Output the lines below exactly, please, from the first line until the line with "形态特征:一年生草本,高30", counting both.

--- EXTRACTED RECORDS Enclosed Below ---

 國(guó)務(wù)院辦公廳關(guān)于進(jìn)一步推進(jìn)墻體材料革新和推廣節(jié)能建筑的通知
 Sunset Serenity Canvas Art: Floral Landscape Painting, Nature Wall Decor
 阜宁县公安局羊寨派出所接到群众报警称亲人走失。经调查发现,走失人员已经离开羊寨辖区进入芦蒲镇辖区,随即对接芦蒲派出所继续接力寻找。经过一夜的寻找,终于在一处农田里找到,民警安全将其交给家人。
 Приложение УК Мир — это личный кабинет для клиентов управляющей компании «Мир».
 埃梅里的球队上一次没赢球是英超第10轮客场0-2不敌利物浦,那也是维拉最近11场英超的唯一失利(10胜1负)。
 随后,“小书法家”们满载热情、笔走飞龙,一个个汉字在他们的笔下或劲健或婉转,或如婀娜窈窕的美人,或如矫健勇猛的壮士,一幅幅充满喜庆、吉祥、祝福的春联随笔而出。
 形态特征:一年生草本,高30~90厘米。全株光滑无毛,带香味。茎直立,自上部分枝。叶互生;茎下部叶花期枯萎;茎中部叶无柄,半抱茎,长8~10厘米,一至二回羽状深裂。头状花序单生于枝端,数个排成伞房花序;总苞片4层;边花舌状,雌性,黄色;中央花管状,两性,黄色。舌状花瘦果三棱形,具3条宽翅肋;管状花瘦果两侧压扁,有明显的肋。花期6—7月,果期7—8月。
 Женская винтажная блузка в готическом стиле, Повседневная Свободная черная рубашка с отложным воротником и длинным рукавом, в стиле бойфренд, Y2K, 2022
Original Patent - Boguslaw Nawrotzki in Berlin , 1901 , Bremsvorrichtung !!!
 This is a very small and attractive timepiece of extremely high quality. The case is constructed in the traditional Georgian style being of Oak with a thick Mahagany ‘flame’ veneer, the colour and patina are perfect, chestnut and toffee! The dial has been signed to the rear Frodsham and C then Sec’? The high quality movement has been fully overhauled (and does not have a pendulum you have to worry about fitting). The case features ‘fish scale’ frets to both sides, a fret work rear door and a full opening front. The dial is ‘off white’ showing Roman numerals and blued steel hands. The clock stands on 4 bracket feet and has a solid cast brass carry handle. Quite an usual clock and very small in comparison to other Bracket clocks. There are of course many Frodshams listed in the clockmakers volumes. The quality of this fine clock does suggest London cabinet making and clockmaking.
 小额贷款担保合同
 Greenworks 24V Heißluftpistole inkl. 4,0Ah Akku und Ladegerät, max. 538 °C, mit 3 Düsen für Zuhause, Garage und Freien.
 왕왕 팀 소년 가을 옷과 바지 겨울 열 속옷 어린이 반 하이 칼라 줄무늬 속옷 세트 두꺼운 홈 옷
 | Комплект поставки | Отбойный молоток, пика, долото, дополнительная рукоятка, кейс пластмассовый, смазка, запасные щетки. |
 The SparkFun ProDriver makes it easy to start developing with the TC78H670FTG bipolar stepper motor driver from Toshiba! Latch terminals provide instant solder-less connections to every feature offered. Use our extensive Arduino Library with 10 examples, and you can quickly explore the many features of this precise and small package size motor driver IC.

--- End of Enclosed EXTRACTED RECORDS ---

RESULT
 國(guó)務(wù)院辦公廳關(guān)于進(jìn)一步推進(jìn)墻體材料革新和推廣節(jié)能建筑的通知
 Sunset Serenity Canvas Art: Floral Landscape Painting, Nature Wall Decor
 阜宁县公安局羊寨派出所接到群众报警称亲人走失。经调查发现,走失人员已经离开羊寨辖区进入芦蒲镇辖区,随即对接芦蒲派出所继续接力寻找。经过一夜的寻找,终于在一处农田里找到,民警安全将其交给家人。
 Приложение УК Мир — это личный кабинет для клиентов управляющей компании «Мир».
 埃梅里的球队上一次没赢球是英超第10轮客场0-2不敌利物浦,那也是维拉最近11场英超的唯一失利(10胜1负)。
 随后,“小书法家”们满载热情、笔走飞龙,一个个汉字在他们的笔下或劲健或婉转,或如婀娜窈窕的美人,或如矫健勇猛的壮士,一幅幅充满喜庆、吉祥、祝福的春联随笔而出。
 形态特征:一年生草本,高30~90厘米。全株光滑无毛,带香味。茎直立,自上部分枝。叶互生;茎下部叶花期枯萎;茎中部叶无柄,半抱茎,长8~10厘米,一至二回羽状深裂。头状花序单生于枝端,数个排成伞房花序;总苞片4层;边花舌状,雌性,黄色;中央花管状,两性,黄色。舌状花瘦果三棱形,具3条宽翅肋;管状花瘦果两侧压扁,有明显的肋。花期6—7月,果期7—8月。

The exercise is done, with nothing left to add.